It does seem to work sporadically; from the latest 10 runs https://openqa.suse.de/tests/10957776#next_previous over the past 2 weeks, it has worked 3 times.
Not sure if it is actually the same. The symptoms look a little bit different. But you could also try a nvram reset described in https://www.ibm.com/support/pages/could-not-allocate-memory-rtas-grub-or-yaboot-ppcbe - afterwards make sure to configure TFTP/BOOTP in the SMS menu again properly. I also saw some settings regarding block-size in there - you could try to set it from 512 to 1024, it might help loading the required files in a more stable manner.
I have yet to find out why this happens. Maybe this is a firmware issue from PPC machines or maybe it is caused by many re-installs from our side.
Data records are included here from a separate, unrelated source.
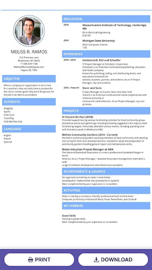 - Resume preview – You can download or print your CV easily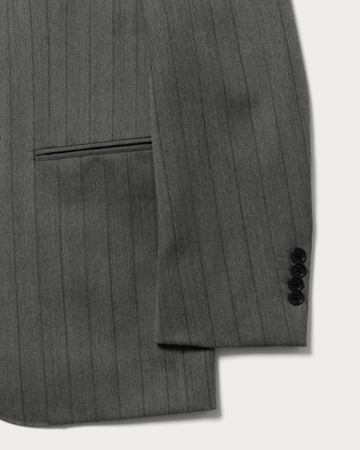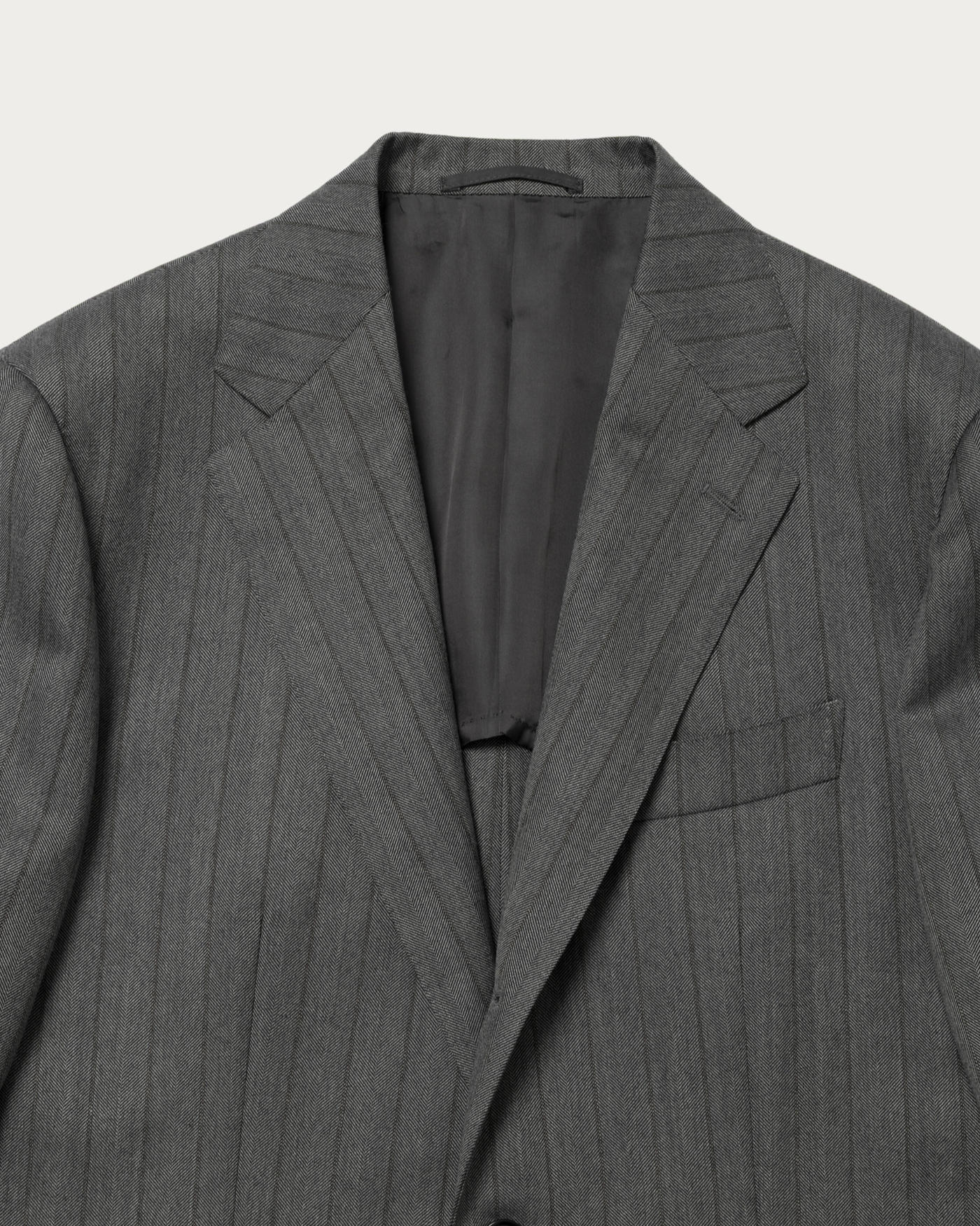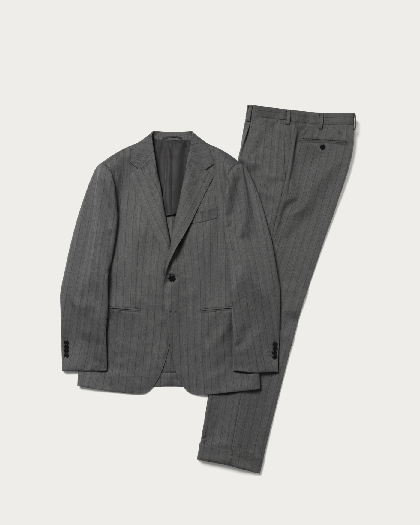 クラシックを現代的に再解釈したスーツ。奥行きのあるヘリンボーンストライプが、格調高くも柔らかな印象を与える一着です。ジャケットは広めの肩幅と長めの着丈、美しいウエストシェイプに加え、立体的な袖付け(マニカカミーチャ仕様)が特徴。構築的でありながら、軽やかな着心地を実現しています。ボトムスは深めの股上とゆとりのあるストレートラインで、ジャケットとのバランスを意識した設計。素材には「Vitale Barberis Canonico」社製のヘリンボーン生地を使用し、仕立て映えするハリとしなやかさを兼ね備えています。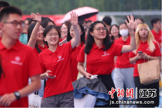 beat365官方网站2023届毕业生参加完毕业典礼后向同学和师长挥手告别。中新社记者 泱波 摄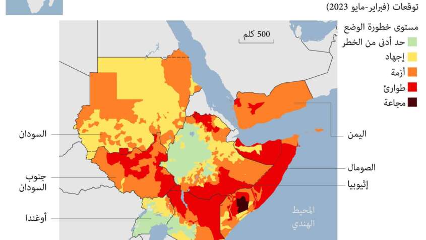 بين هؤلاء الاشخاص ال 48 مليونا، هناك ستة ملايين في حالة “طارئة” من انعدام الأمن الغذائي (المرحلة 4 من التصنيف المرحلي المتكامل للأمن الغذائي) و129 ألفا في وضع “الكارثة” (المرحلة 5)، وهو المستوى الأقصى.

Updated by nicksinger over 1 year ago
nicksinger wrote:
acarvajal wrote:
I think we're seeing the same with the nessberry LPARs: https://openqa.suse.de/tests/10957776.
It does seem to work sporadically; from the latest 10 runs https://openqa.suse.de/tests/10957776#next_previous over the past 2 weeks, it has worked 3 times.
Not sure if it is actually the same. The symptoms look a little bit different. But you could also try a nvram reset described in https://www.ibm.com/support/pages/could-not-allocate-memory-rtas-grub-or-yaboot-ppcbe - afterwards make sure to configure TFTP/BOOTP in the SMS menu again properly. I also saw some settings regarding block-size in there - you could try to set it from 512 to 1024, it might help loading the required files in a more stable manner.
I have yet to find out why this happens. Maybe this is a firmware issue from PPC machines or maybe it is caused by many re-installs from our side.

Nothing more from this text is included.